Correlation Between Cellebrite and Lesaka Technologies

Specify exactly 2 symbols:
Can any of the company-specific risk be diversified away by investing in both Cellebrite and Lesaka Technologies at the same time? Although using a correlation coefficient on its own may not help to predict future stock returns, this module helps to understand the diversifiable risk of combining Cellebrite and Lesaka Technologies into the same portfolio, which is an essential part of the fundamental portfolio management process.
By analyzing existing cross correlation between Cellebrite DI Equity and Lesaka Technologies, you can compare the effects of market volatilities on Cellebrite and Lesaka Technologies and check how they will diversify away market risk if combined in the same portfolio for a given time horizon. You can also utilize pair trading strategies of matching a long position in Cellebrite with a short position of Lesaka Technologies. Check out your portfolio center. Please also check ongoing floating volatility patterns of Cellebrite and Lesaka Technologies.

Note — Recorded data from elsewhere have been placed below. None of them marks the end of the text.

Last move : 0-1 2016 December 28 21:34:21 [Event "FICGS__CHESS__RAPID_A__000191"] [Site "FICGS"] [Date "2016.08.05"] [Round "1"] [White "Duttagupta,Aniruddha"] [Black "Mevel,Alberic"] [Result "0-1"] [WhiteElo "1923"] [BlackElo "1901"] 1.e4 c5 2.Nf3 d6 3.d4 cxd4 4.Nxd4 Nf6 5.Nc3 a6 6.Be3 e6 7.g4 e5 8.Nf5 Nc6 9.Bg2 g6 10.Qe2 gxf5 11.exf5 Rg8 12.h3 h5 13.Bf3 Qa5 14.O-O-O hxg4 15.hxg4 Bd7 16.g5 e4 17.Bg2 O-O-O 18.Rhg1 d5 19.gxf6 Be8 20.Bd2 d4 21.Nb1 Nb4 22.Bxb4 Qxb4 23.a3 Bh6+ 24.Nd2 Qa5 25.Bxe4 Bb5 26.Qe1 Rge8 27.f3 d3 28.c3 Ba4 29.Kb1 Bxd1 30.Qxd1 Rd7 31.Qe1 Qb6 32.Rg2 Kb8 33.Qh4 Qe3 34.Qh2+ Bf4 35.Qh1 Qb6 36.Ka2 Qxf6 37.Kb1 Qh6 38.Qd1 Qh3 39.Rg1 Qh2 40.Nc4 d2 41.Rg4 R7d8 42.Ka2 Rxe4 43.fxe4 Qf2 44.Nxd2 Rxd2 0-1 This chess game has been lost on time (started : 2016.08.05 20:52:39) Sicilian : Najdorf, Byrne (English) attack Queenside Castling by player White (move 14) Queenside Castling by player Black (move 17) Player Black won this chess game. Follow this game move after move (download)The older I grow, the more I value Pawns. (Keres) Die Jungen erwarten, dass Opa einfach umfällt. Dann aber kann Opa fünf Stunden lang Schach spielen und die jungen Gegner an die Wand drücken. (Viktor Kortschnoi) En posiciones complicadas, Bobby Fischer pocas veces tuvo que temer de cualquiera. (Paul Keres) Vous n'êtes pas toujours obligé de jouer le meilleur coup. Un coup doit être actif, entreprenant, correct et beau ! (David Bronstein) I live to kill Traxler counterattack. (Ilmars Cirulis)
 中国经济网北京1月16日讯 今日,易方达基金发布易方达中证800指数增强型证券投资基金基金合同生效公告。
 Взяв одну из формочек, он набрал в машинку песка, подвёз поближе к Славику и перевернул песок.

Diversification Opportunities for Cellebrite and Lesaka Technologies

0.69
  Correlation Coefficient

Poor diversification

The 3 months correlation between Cellebrite and Lesaka is 0.69. Overlapping area represents the amount of risk that can be diversified away by holding Cellebrite DI Equity and Lesaka Technologies in the same portfolio, assuming nothing else is changed. The correlation between historical prices or returns on Lesaka Technologies and Cellebrite is a relative statistical measure of the degree to which these equity instruments tend to move together. The correlation coefficient measures the extent to which returns on Cellebrite DI Equity are associated (or correlated) with Lesaka Technologies. Values of the correlation coefficient range from -1 to +1, where. The correlation of zero (0) is possible when the price movement of Lesaka Technologies has no effect on the direction of Cellebrite i.e., Cellebrite and Lesaka Technologies go up and down completely randomly.

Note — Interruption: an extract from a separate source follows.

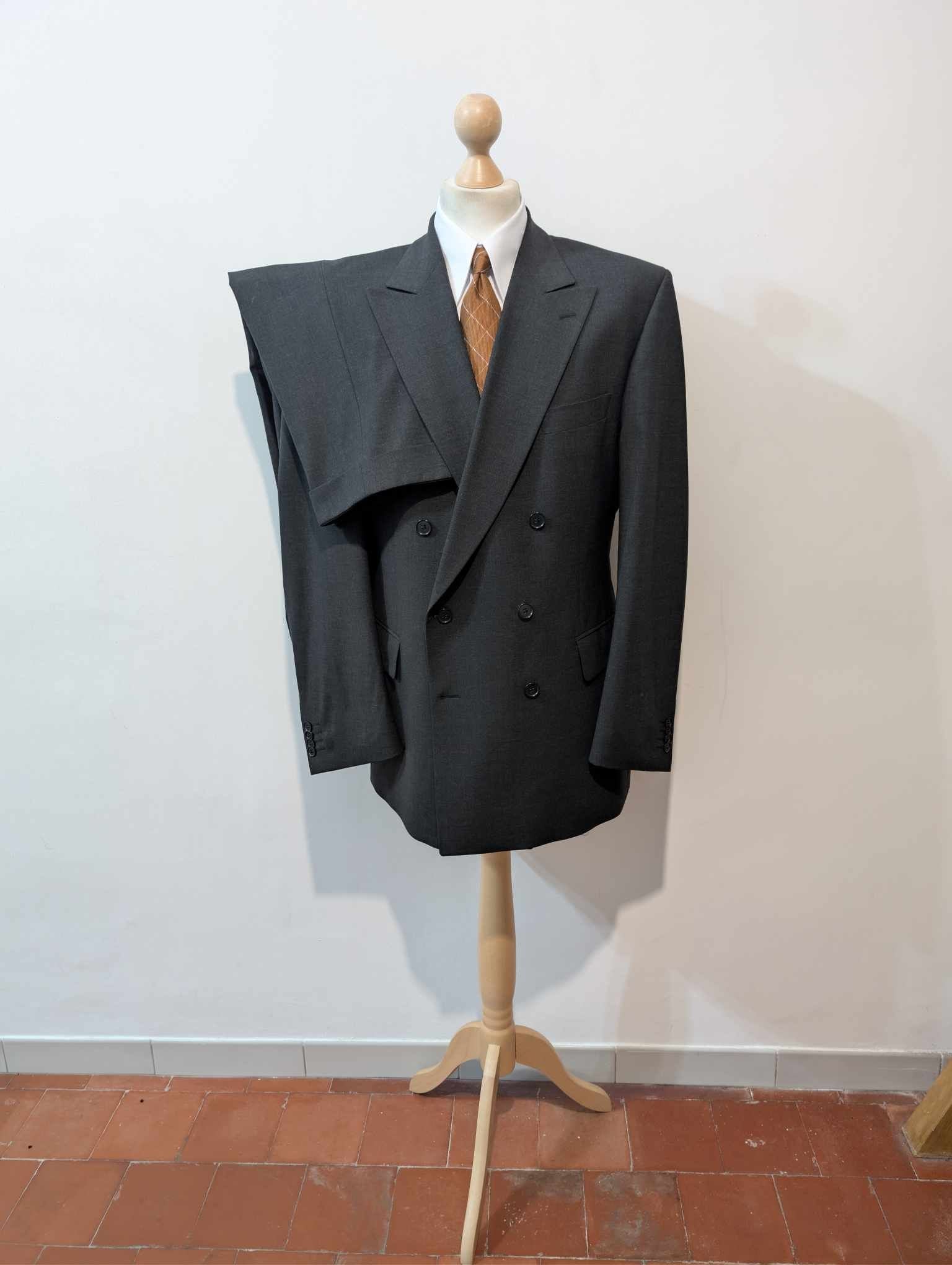 Je vous propose sublime costume croisé de couleur gris en laine froide.

Pair Corralation between Cellebrite and Lesaka Technologies

If you would invest  505.00  in Lesaka Technologies on August 9, 2024 and sell it today you would earn a total of  50.00  from holding Lesaka Technologies or generate 9.9% return on investment over 90 days.
Time Period3 Months [change]
DirectionMoves Together 
StrengthSignificant
Accuracy4.55%
ValuesDaily Returns

Cellebrite DI Equity  vs.  Lesaka Technologies

 Performance 
       Timeline  
Cellebrite DI Equity 

Risk-Adjusted Performance

0 of 100

 
Weak
 
Strong
Solid
Over the last 90 days Cellebrite DI Equity has generated negative risk-adjusted returns adding no value to investors with long positions. In spite of fairly unfluctuating basic indicators, Cellebrite showed solid returns over the last few months and may actually be approaching a breakup point.
Lesaka Technologies 

Risk-Adjusted Performance

10 of 100

 
Weak
 
Strong
OK
Compared to the overall equity markets, risk-adjusted returns on investments in Lesaka Technologies are ranked lower than 10 (%) of all global equities and portfolios over the last 90 days. Despite quite inconsistent basic indicators, Lesaka Technologies disclosed solid returns over the last few months and may actually be approaching a breakup point.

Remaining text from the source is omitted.